過労で倒れて

「過労で倒れ、組織を持とうと思いました」

 

九州NO1の宅配すし

  • ふく鮨本舗の三太郎/(株)ドゥイットナウ

代表取締役社長 蔀 章

 

大学中退→自衛隊→マクドナルド→テープ教材販売→経営コンサルタントを経て鮨事業へ

 

■2005年の株式公開を目指す

 

蔀(しとみ)が代表を務める(株)ドゥイットナウ:店名/ふく鮨本舗の三太郎(以下、三太郎)は九州最大の宅配すしチェーンだ。

創業は’94年だが、既に福岡・東京・沖縄・広島等に約35店舗を展開し、年商は’02年6月度で約20億円。日本アジア投資等のベンチャーキャピタルや旅行会社HISの澤田社長ら約100社から出資を受け、2005年の株式公開を目指している。

全国的な宅配・回転すしブームに乗り、この数年、九州・福岡には東京・大阪の大手約40店が出店したが、結果はその大半が撤退した。原因は三太郎チェーンの圧倒的な強さだ。

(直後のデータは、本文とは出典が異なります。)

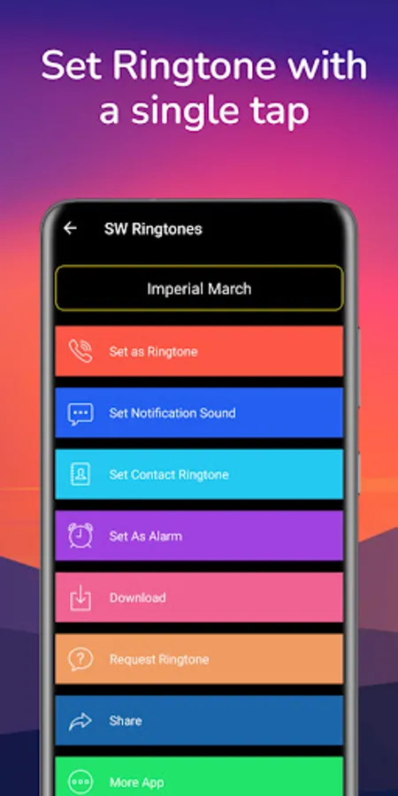 -Choose you favorite tone, click on the right corner setting button, set the tone as your new ringtone as easy in few steps!

東京などの大手宅配すしチェーンは、その大半がFCで出店する。それに対し、三太郎は福岡市内だけでも約20の直営店があり、市内の宅配すし市場の約50%を押さえている。 他店のFCが出た場合、三太郎はそのFC店のエリア限定で「すし半額」や「太巻1本50円」チラシを投入。かつ、他店が単にチラシを新聞折込するのに対し、三太郎は全社員総出でドアコールする。

また、三太郎では毎月2000枚の顧客アンケートハガキを収集・分析。大手のように、決まったマニュアルを踏襲するのではなく、商品やサービスをエリア毎に常に改良している。

食材面では九州一の仕入力を活かし、ほとんどを問屋を飛ばして産地・製造者から直接

仕入れる。結果として、三太郎の原価は他店よりも10ポイント以上低く、他店との競争に負けない。社員教育も徹底されており、「あそこはうちの3倍は働く」(市内同業者)。

結果として、福岡へ進出した大手のFC店は、過去1年以内で撤退、というか三太郎に撤退させられている。

■精神病院・自殺未遂・自衛隊

 

蔀は昭和32年、北九州の日本電信電話公社(現、NTT)に勤めるサラリーマン家庭に生まれた。小中学校時代は完全な劣等生。生まれつき頭デッカチで手足が短く、野球がヘタクソでよく虐められたという。結果として喧嘩もよくやった。勉強もせず、親が「この子はおかしい」と精神病院へも2度連れていった。

高校時代は中学までの反動か、学校でも目立たない生徒だった。何もせず「俺は何のために生きているのか」と悩み、しばしば胃潰瘍や十二指腸潰瘍になる。そして、なんと手首を切る自殺未遂も3回。成績は相変わらず下の下。国語や社会はクラスで一番だったが、他は赤点ばかりで周りからは馬鹿呼ばわりの日々だった。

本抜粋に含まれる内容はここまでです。